President Obama says he welcomes a vibrant debate on government secrecy and surveillance, but he then punishes the people who provide information that could make such a debate meaningful. The mainstream U.S. news media also shows little regard for these brave truth-tellers, says Lawrence Davidson.
By Lawrence Davidson
In a July 8 editorial, the New York Times described the issue of National Security Agency (NSA) spying on Americans as one of “overwhelming importance” worthy of national debate. Noting that President Obama said he welcomed such a debate, the Times then pointed to a core problem: “This is a debate in which almost none of us know what we’re talking about.”

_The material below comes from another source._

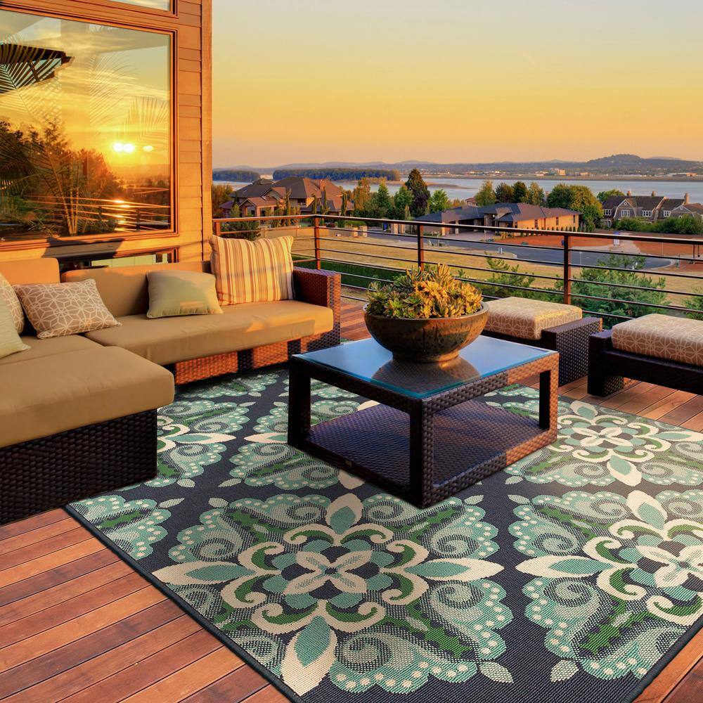 Nicole Miller Patio Country Danica Black/Gray 9 ft. x 12 ft. Geometric Indoor/Outdoor Area Rug

It turns out that everything about the NSA surveillance operation is “classified” and therefore done in secret. As a result there is no public access to the information needed for a debate. At least that was the case until “leaker” Edward Snowden risked all to tell the American public and indeed the whole world about it.
Thus, the public now knows that all the legal justifications for NSA operations are themselves secret. For instance, there is the Foreign Intelligence Surveillance Court, originally created by Congress to judge the legitimacy of government requests for wiretaps but it also operates under extreme secrecy. According to the Times, this court “has for years been developing a secret and unchallenged body of laws” that now go far beyond its original mandate. Yet the process of the court’s runaway empowerment has been beyond contesting.
As the Times puts it, there is a “complete absence of any adversarial process” which is, after all, “the heart of our legal system.” To demonstrate this, the editorial tells us “the government in 2012 made 1,789 requests to conduct electronic surveillance; the court approved 1,788 (the government withdrew the other one).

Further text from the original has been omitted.